Source records:
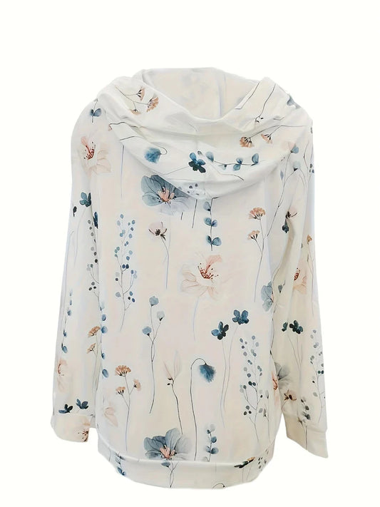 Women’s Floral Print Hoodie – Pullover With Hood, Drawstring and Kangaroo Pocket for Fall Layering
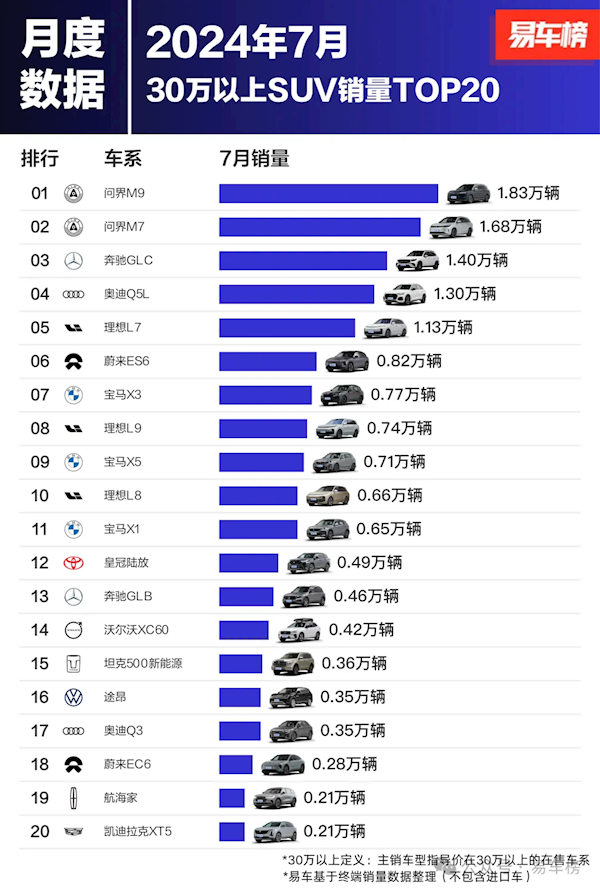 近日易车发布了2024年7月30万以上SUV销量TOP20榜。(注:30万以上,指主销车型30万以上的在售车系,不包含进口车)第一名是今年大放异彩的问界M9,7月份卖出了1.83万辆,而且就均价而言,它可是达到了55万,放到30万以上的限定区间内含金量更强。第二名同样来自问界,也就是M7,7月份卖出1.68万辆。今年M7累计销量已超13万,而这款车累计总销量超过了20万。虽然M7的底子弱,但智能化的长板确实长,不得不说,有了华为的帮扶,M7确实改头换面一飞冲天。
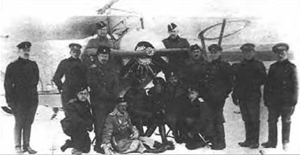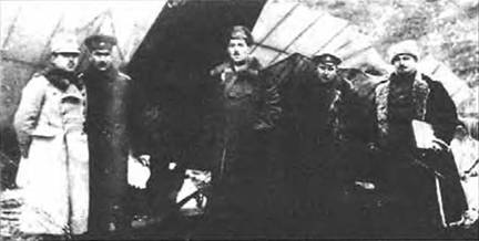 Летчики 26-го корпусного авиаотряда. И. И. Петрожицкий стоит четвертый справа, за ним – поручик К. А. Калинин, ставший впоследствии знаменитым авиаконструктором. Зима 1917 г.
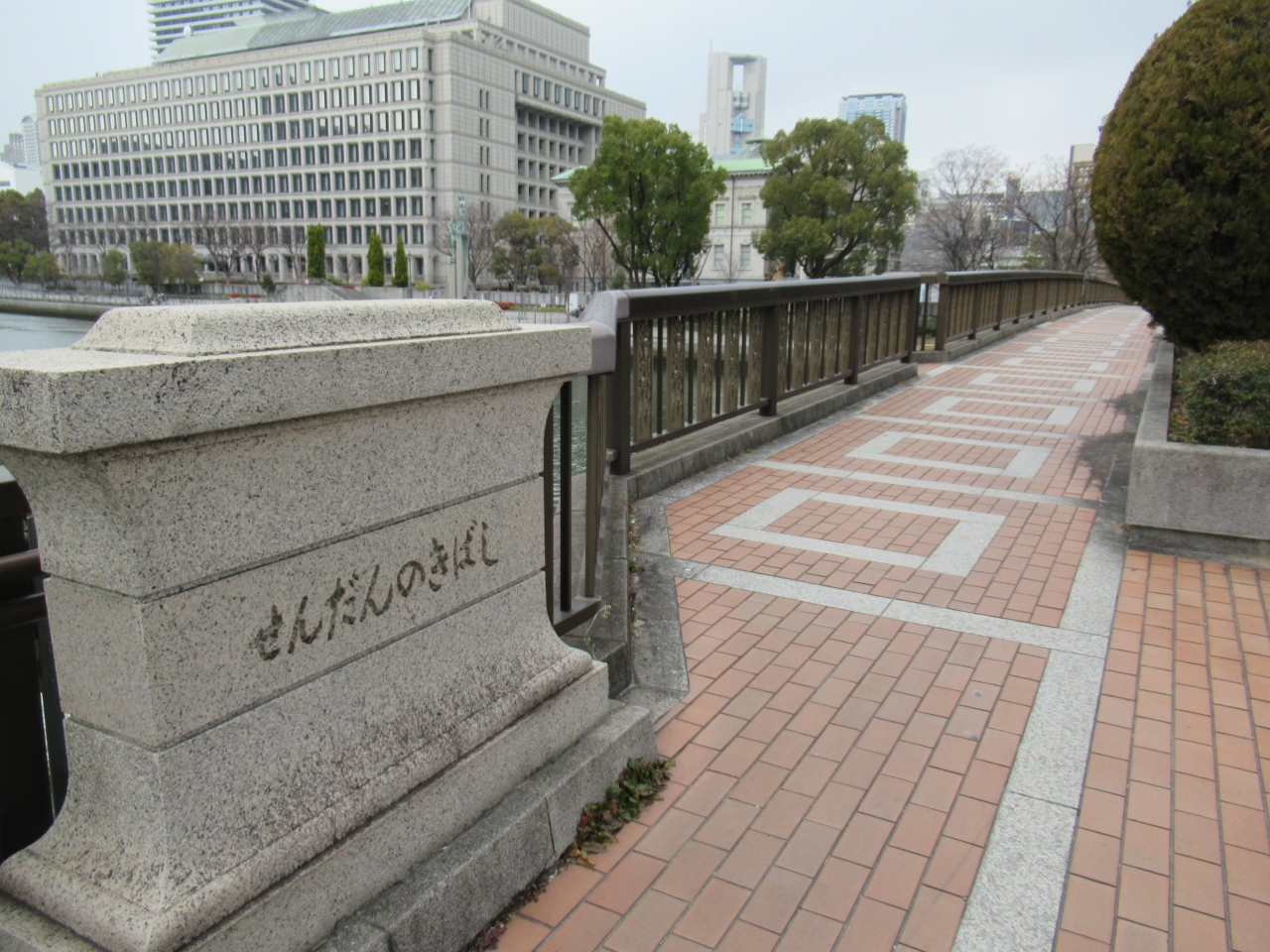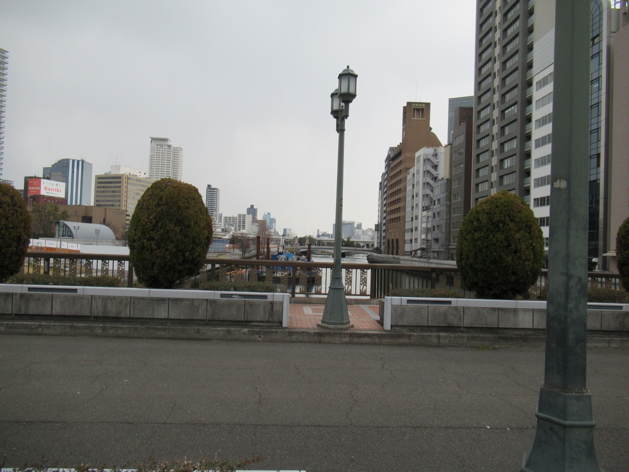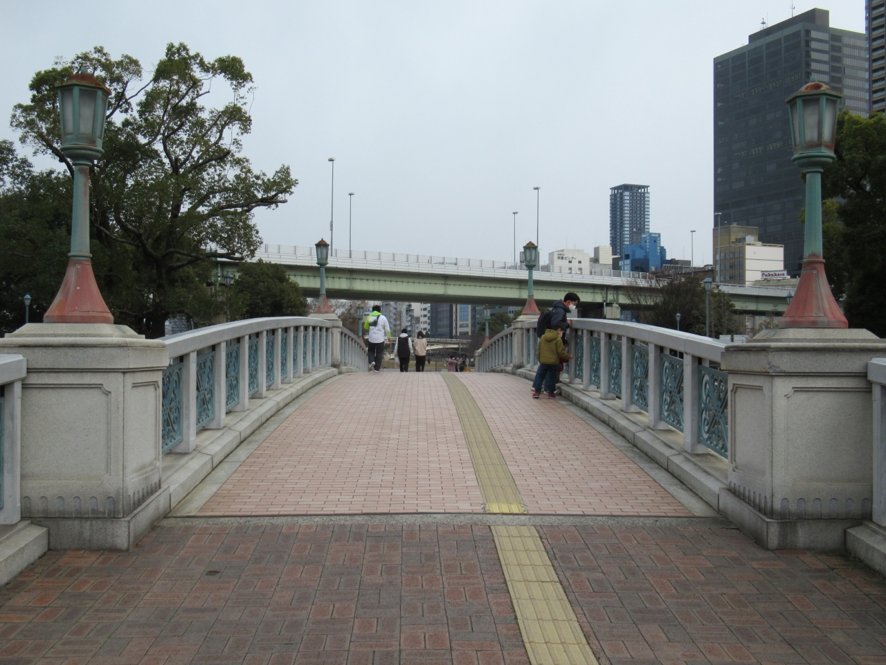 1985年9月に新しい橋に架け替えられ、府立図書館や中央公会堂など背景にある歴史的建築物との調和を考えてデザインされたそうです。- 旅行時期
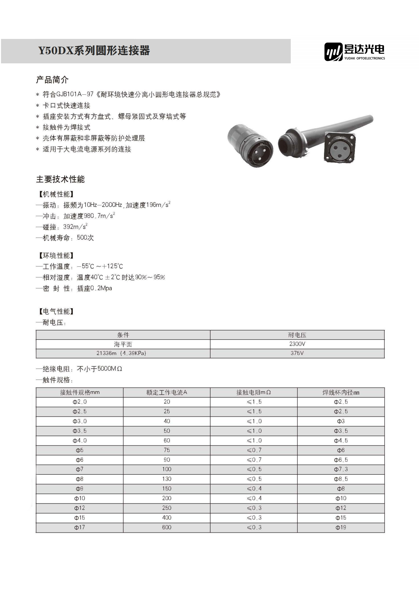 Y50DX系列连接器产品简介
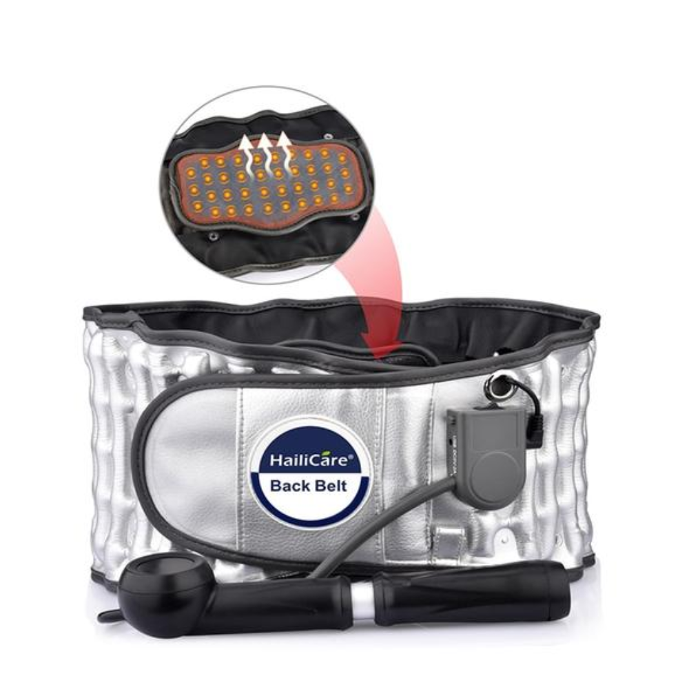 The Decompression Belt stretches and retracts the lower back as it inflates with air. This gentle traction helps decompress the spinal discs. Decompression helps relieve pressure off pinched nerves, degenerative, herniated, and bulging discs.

## YOUR OBJECTIVE:
Take the line that contains "Y50DX系列连接器产品简介" as the first and the last line of the records as the end, and please quote those lines exactly, pictures omitted.

## SOLUTION TO THIS EXERCISE:
 Y50DX系列连接器产品简介
 The Decompression Belt stretches and retracts the lower back as it inflates with air. This gentle traction helps decompress the spinal discs. Decompression helps relieve pressure off pinched nerves, degenerative, herniated, and bulging discs.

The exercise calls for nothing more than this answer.